Problem to work on –
Could you repeat the entries below exactly, but only from the line with "BEAVO Acrylic Fashion" through the line with "Внутренний блок состоит", and without any picture?

Task material –
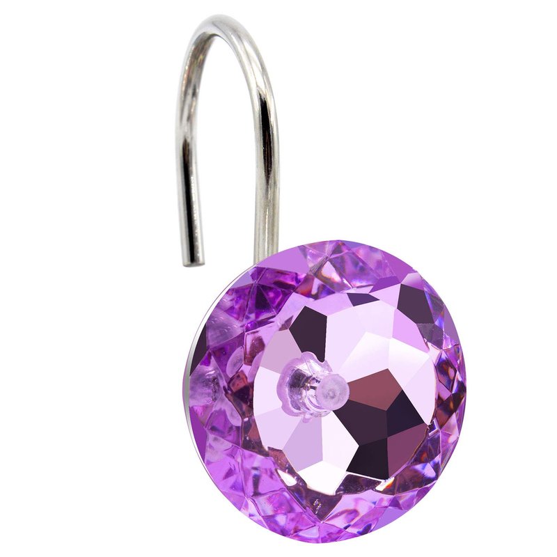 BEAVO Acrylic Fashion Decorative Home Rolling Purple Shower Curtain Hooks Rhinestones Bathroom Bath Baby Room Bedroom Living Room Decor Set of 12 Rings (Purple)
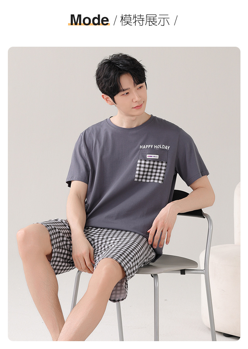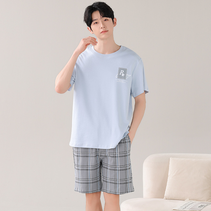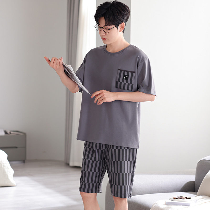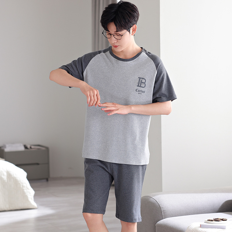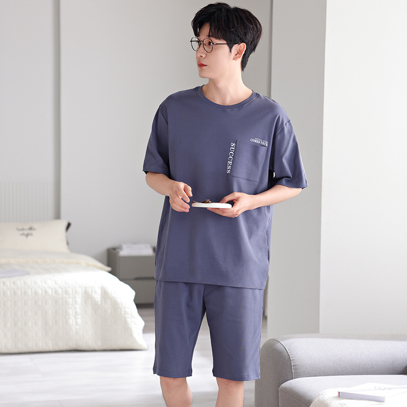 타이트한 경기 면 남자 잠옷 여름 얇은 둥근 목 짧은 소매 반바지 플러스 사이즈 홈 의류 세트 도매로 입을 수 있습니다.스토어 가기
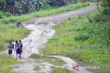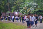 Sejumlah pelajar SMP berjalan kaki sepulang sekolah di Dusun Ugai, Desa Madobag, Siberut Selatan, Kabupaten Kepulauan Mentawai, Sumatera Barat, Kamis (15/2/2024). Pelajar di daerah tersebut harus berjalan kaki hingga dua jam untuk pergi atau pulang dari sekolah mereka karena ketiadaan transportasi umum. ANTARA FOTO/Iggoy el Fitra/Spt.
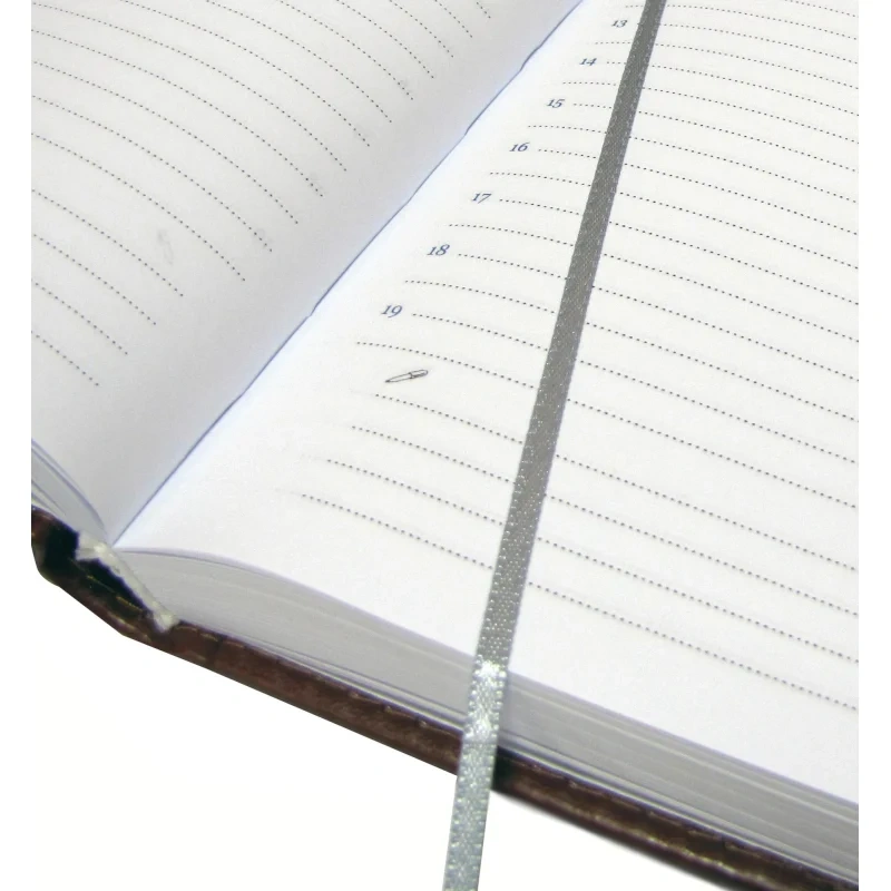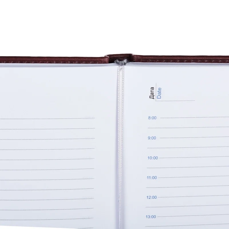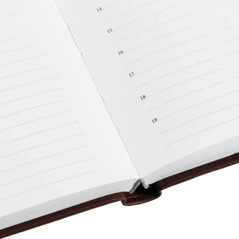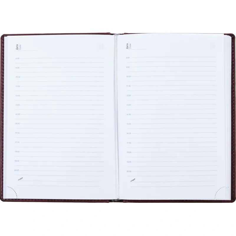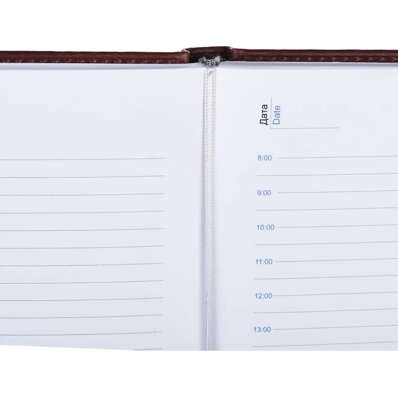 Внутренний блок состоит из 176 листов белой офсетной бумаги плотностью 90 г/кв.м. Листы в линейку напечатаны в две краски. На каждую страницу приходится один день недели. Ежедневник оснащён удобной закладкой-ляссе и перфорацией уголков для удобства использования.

* * *

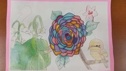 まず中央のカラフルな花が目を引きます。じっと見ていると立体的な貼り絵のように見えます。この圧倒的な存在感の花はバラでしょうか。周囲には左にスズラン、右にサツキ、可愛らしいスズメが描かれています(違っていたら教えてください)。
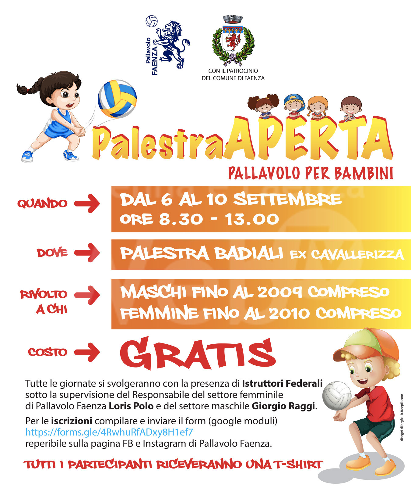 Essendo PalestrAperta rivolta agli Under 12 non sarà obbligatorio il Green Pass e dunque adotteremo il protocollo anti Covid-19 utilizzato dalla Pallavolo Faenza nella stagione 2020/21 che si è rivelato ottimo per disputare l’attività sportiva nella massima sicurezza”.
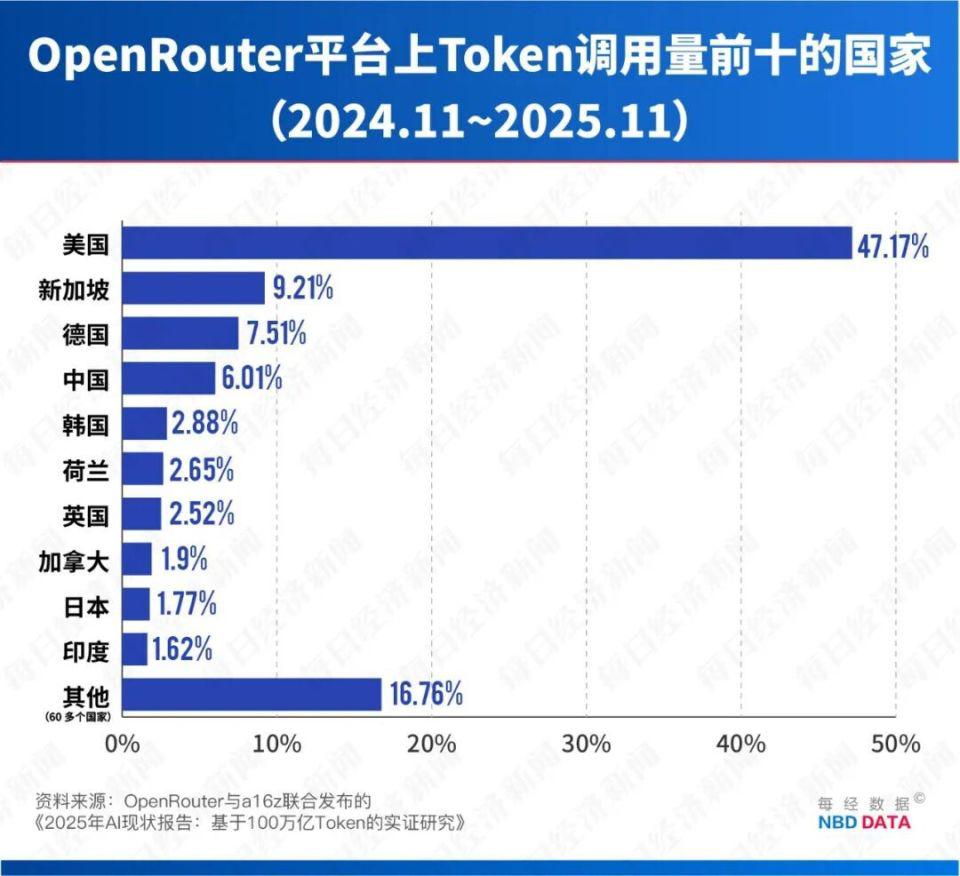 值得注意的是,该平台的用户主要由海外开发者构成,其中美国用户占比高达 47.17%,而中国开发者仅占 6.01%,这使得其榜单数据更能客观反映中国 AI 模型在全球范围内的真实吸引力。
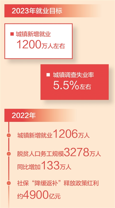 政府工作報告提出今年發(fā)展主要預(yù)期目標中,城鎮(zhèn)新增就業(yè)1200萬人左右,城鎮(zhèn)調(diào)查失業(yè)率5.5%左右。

Result of this task –
 BEAVO Acrylic Fashion Decorative Home Rolling Purple Shower Curtain Hooks Rhinestones Bathroom Bath Baby Room Bedroom Living Room Decor Set of 12 Rings (Purple)
 타이트한 경기 면 남자 잠옷 여름 얇은 둥근 목 짧은 소매 반바지 플러스 사이즈 홈 의류 세트 도매로 입을 수 있습니다.스토어 가기
 Sejumlah pelajar SMP berjalan kaki sepulang sekolah di Dusun Ugai, Desa Madobag, Siberut Selatan, Kabupaten Kepulauan Mentawai, Sumatera Barat, Kamis (15/2/2024). Pelajar di daerah tersebut harus berjalan kaki hingga dua jam untuk pergi atau pulang dari sekolah mereka karena ketiadaan transportasi umum. ANTARA FOTO/Iggoy el Fitra/Spt.
 Внутренний блок состоит из 176 листов белой офсетной бумаги плотностью 90 г/кв.м. Листы в линейку напечатаны в две краски. На каждую страницу приходится один день недели. Ежедневник оснащён удобной закладкой-ляссе и перфорацией уголков для удобства использования.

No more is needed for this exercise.